*** Block opens ***

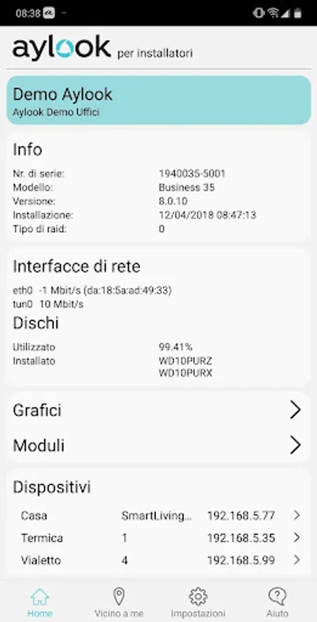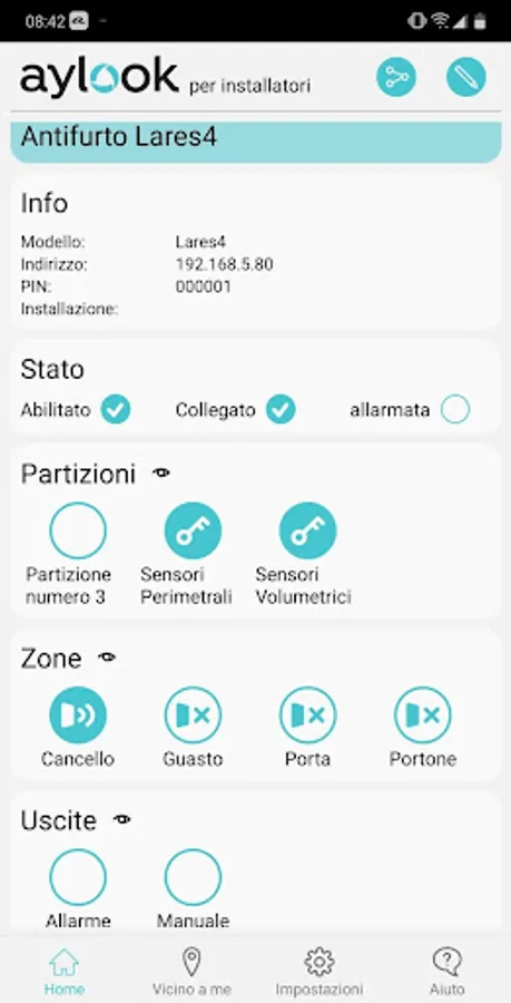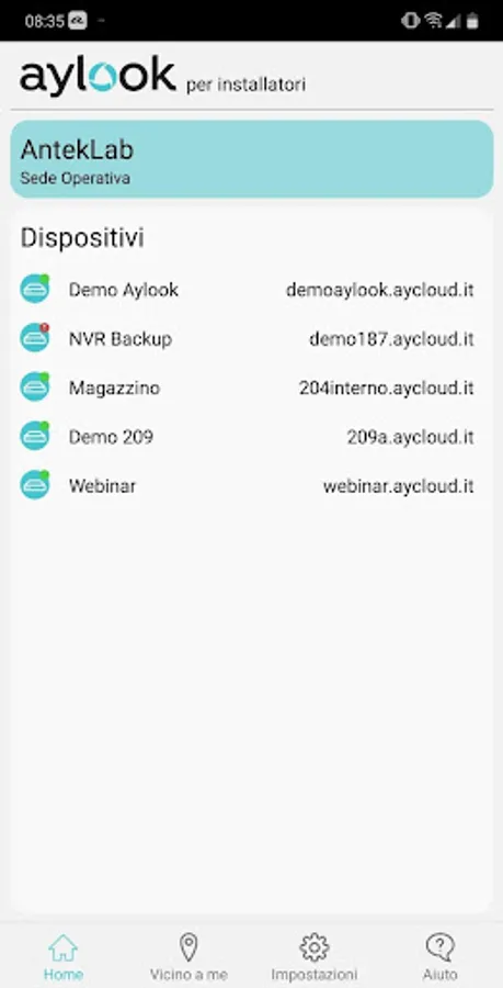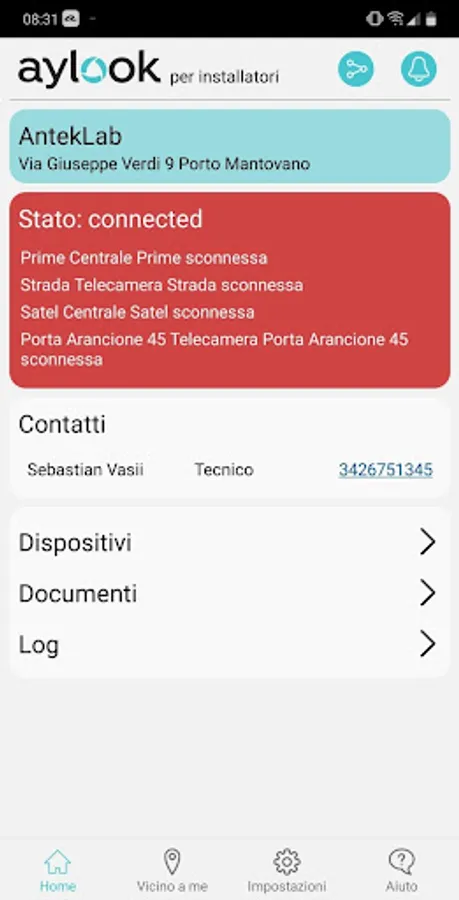 The app is permanently connected with the VMS centralizer installed on site. The centralizer supports numerous devices and various brands and models of anti-intrusion control units (AVS, BENTEL, BOSCH, INIM, KSENIA, SATEL, TECNOALARM, UTC) and video recorders (Aylook, HIKVISION, DAHUA, PROVISION, TVT).
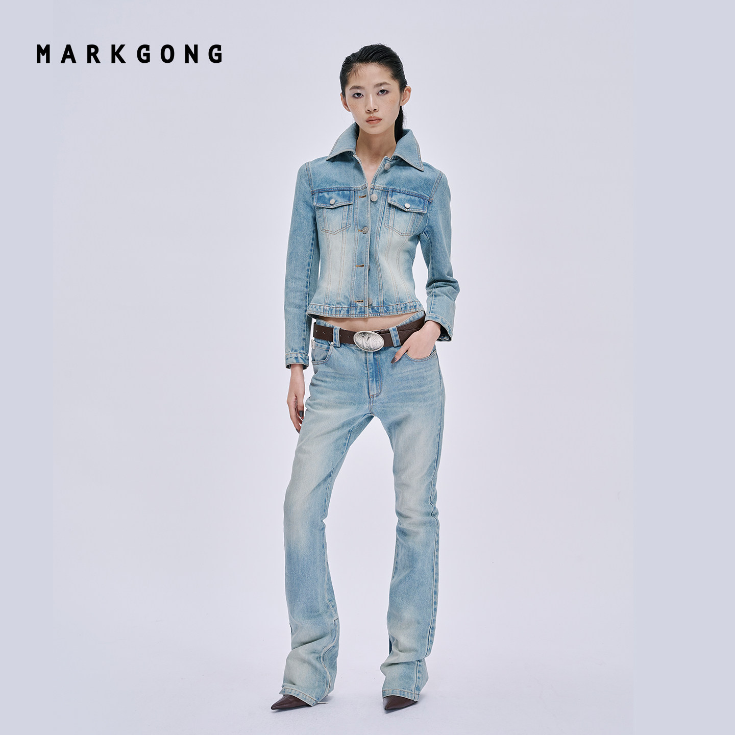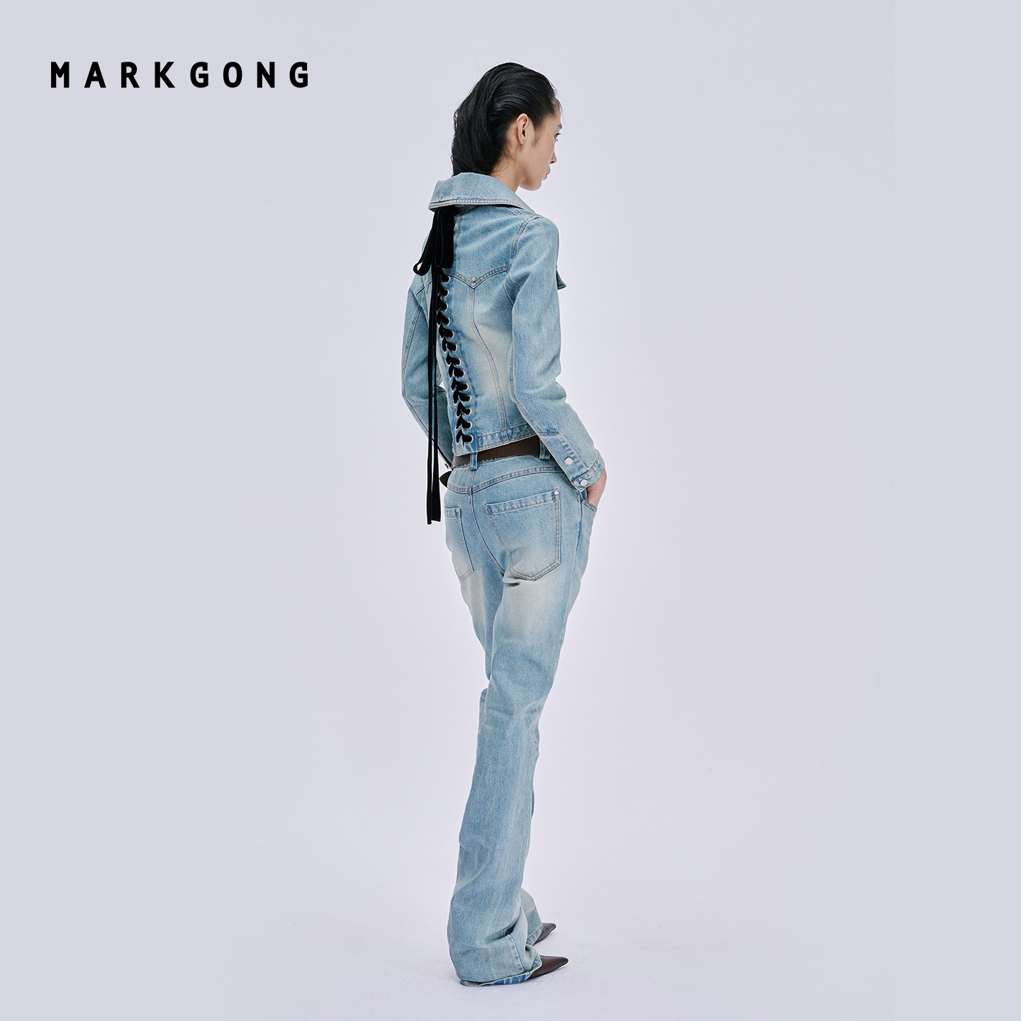 📚 白鹿同款【SALE】【MARKGONG】蓝色修身绑带牛仔外套流行秋冬休闲
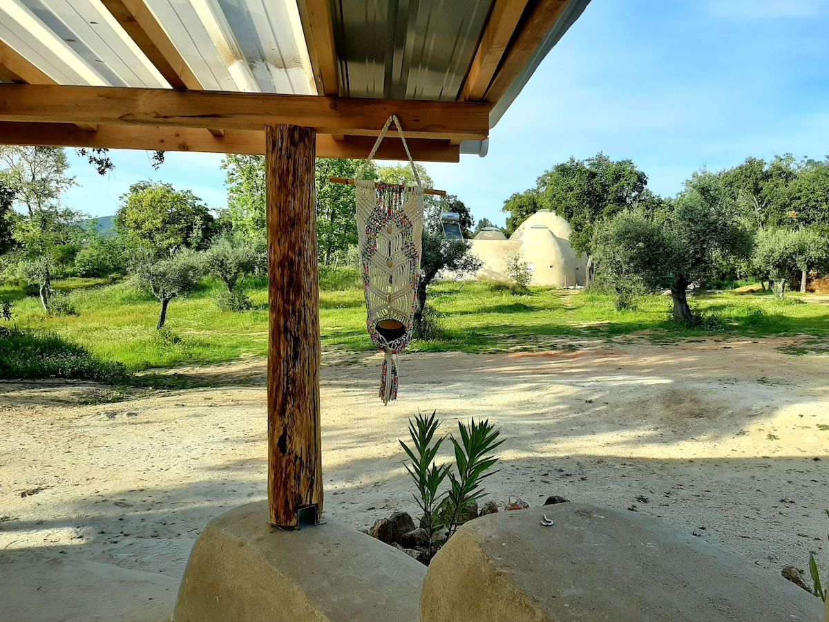 Estamos ubicados en la hermosa campiña ondulada justo entre la ciudad de Castelo Branco y Fundão. Esta hermosa yurta está situada justo en el límite de nuestra tierra. En un espacio encantador y tranquilo entre los árboles, con vistas a la montaña Gardunha. Ofrecemos una cama doble, una pequeña cocina con ollas y sartenes, cocina de gas, nevera con pequeño compartimento congelador, inodoro de compostaje, ducha y leña para la estufa de leña en los meses más fríos. Se proporcionan toallas y ropa de cama. Descuentos para reservas semanales.
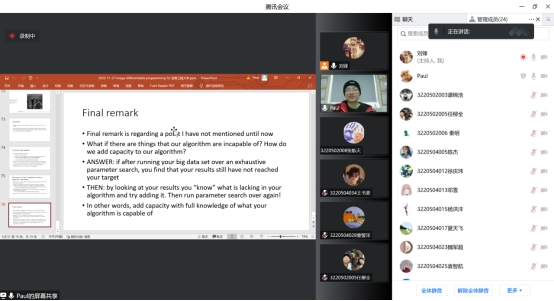 12月07日下午,国际图像处理与深度学习专家Dr. Paul Si-Yao Liu应邀在为我院部分研究生和教师进行了在线学术讲座和交流。
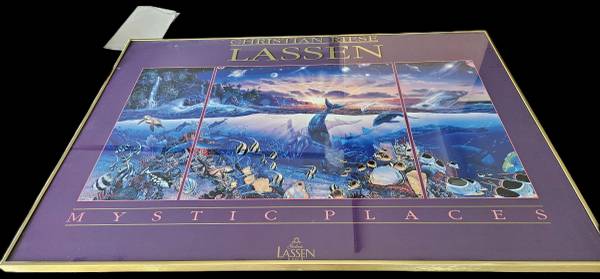 This vintage artwork by Christian Riese Lassen, titled "Mystic Places," is a stunning print that is sure to add character to any room. Produced in 1991 and framed, this piece is a perfect addition to any art collection. The artwork originated in Japan and is a great example of the unique and beautiful art prints that were produced during this time. The print is in excellent condition and will make a great addition to any home or office.
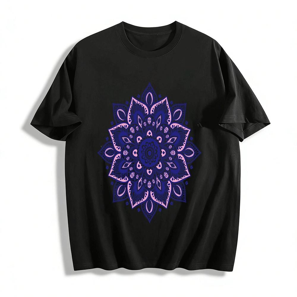 Boho Mandala Print Casual Loose Crew Neck Short Sleeve Top Pure Cotton T-shirt
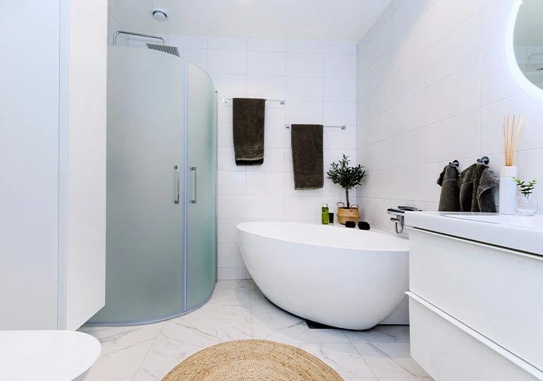 – Med så hög grundstandard är det faktiskt inte mycket mer man behöver, men några tillval gjorde vi: större fönster ut mot däcket för att ta vara på sjöutsikten och ryggåstak som ger rymd. Kamin och badkar för mysfaktorns skull, köksö och spotlights i fönstersmygarna i husets ”sociala ytor”.

*** Block closes ***

*WORK TO BE COMPLETED*
An exact copy of every entry above is needed, with the pictures left out.

*ANSWER BELOW*
 The app is permanently connected with the VMS centralizer installed on site. The centralizer supports numerous devices and various brands and models of anti-intrusion control units (AVS, BENTEL, BOSCH, INIM, KSENIA, SATEL, TECNOALARM, UTC) and video recorders (Aylook, HIKVISION, DAHUA, PROVISION, TVT).
 📚 白鹿同款【SALE】【MARKGONG】蓝色修身绑带牛仔外套流行秋冬休闲
 Estamos ubicados en la hermosa campiña ondulada justo entre la ciudad de Castelo Branco y Fundão. Esta hermosa yurta está situada justo en el límite de nuestra tierra. En un espacio encantador y tranquilo entre los árboles, con vistas a la montaña Gardunha. Ofrecemos una cama doble, una pequeña cocina con ollas y sartenes, cocina de gas, nevera con pequeño compartimento congelador, inodoro de compostaje, ducha y leña para la estufa de leña en los meses más fríos. Se proporcionan toallas y ropa de cama. Descuentos para reservas semanales.
 12月07日下午,国际图像处理与深度学习专家Dr. Paul Si-Yao Liu应邀在为我院部分研究生和教师进行了在线学术讲座和交流。
 This vintage artwork by Christian Riese Lassen, titled "Mystic Places," is a stunning print that is sure to add character to any room. Produced in 1991 and framed, this piece is a perfect addition to any art collection. The artwork originated in Japan and is a great example of the unique and beautiful art prints that were produced during this time. The print is in excellent condition and will make a great addition to any home or office.
 Boho Mandala Print Casual Loose Crew Neck Short Sleeve Top Pure Cotton T-shirt
 – Med så hög grundstandard är det faktiskt inte mycket mer man behöver, men några tillval gjorde vi: större fönster ut mot däcket för att ta vara på sjöutsikten och ryggåstak som ger rymd. Kamin och badkar för mysfaktorns skull, köksö och spotlights i fönstersmygarna i husets ”sociala ytor”.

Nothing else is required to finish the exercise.